Other attributes include:
- Use of appealing imagery that may be a lot more interesting than their product. (i.e. office equipment, computers)
- Sponsorship can be used across all marketing activity, particularly social media
- Creates excitement around a product or company
- As content for newsletters, websites
- Value - Can be integrated across all divisions of large corporates
Sponsorship can also be used for:
- B2B Corporate entertainment/networking
- Employee engagement/reward
- Promotions campaigns - use of event tickets, 'money can't buy' opportunities for promotions, trips to events
7. Understanding sponsorship audiences
The most marketable athletes appeal to all generations such as Andre Agassi, Roger Federer, Maria Sharapova, Pat Rafter, Cathy Freeman. There are many market segments; here are few broad classifications to note:
- Baby Boomers - 1946 to 1964 (aged 51-69 in 2015)
- Generation X- 1965 -1979 (aged 36-50 in 2015)
- Generation Y 1980 - 1994 (aged 21-35 in 2015)
- Generation Z 1995 2009 (aged 6-20 in 2015)
Marketers use Occupational Group classifications that have replaced the AB, C1, C2, D and E labels. These were developed by OzTam5 who monitor TV ratings in Australia and are used to record demographics of TV viewers.
Occupation Group 1 (OG1) (formerly ABs)
Managers, Administrators and Professionals
Occupation Group 2 (OG2)
Para-Professionals, Clerks, Teachers, Salespeople and Professional Service Workers
Occupation Group 3 (OG3)
Occupation Group 4 (OG4)
Plant and Machine Operators, Drivers and Police
Occupation Group 5 (OG5)
Labourers and Related Workers
Thought starter - What marketing audiences do you and your sport represent, and could help sponsors reach?
8. Who makes sponsorship decisions?
- In companies Marketing Directors and Managers are responsible for developing marketing strategy and selecting sponsorships. They manage budgets ranging from hundreds of thousands of dollars to, in some cases $1m+ dollars. In larger companies they report to the CEO and the board, and in publicly listed companies are subject to shareholder scrutiny. They manage large teams of staff nationally.
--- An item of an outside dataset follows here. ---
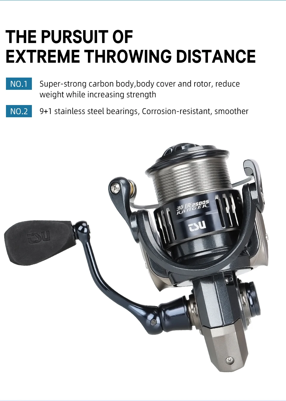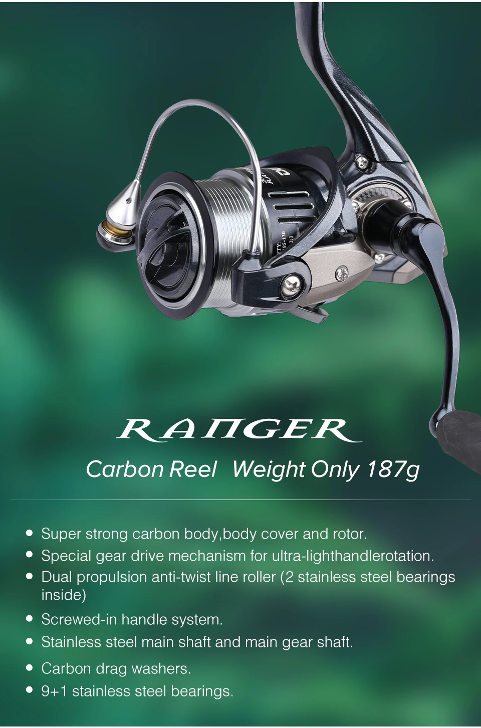 Carrete de pesca giratorio 800 2500S 3000S ultraligero 187g RANGER carrete poco profundo fundición larga pesca en el mar Lucio rueda de lubina

- Managing large teams of staff nationally, they are under pressure to deliver sales revenue from their marketing activities and are looking for innovation, value and productive working relationships.
- In smaller companies athletes deal directly with the CEO or Marketing Manager, in larger companies a Sponsorship Manager handles all athlete negotiation/communication.
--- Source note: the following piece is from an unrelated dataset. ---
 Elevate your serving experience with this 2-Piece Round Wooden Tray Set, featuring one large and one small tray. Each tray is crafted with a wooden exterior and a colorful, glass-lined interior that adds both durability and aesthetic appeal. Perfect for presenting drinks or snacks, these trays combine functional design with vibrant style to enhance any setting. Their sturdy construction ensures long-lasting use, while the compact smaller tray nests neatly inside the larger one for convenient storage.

- What do marketing managers expect from athletes? They look for consistent performance, impeccable behaviour, loyalty, responsiveness, punctuality, fulfillment of contractual obligations, and no dramas!
9. How is sponsorship performance measured?
Effective sponsorships are linked to marketing and brand objectives and must deliver consistent ROI. Common evaluation methods are:
- Market research: surveys to track brand metrics and awareness
- Web analytics or digital research: increases in site visits, average stays, click-through rates, etc.
- Public Relations evaluation: market research to record the reach, target audience and sentiment
- Social media analytics: the effect on buzz, interactions and positive sentiment
- Broadcast exposure analysis: on-screen exposure via logos, signage and mentions
- Business metrics, including sales, leads, or new accounts.
- Customer feedback qualitative feedback
- Employee feedback qualitative feedback
- IEG Source: US-based sponsorship research firm, IEG) www.ieg.com
- Octagon "Sponsorship as a communication tool presentation"
- Australian Bureau of Statistics)
- McCrindle Research The ABC of XYZ
- Source OzTam Australia
Disclaimer: Best endeavours have been taken to ensure the accuracy of information using reputable sources and industry experience when researching this article, however the author cannot guarantee the accuracy of information as a result of industry changes or inaccuracy of information supplied by third party sources.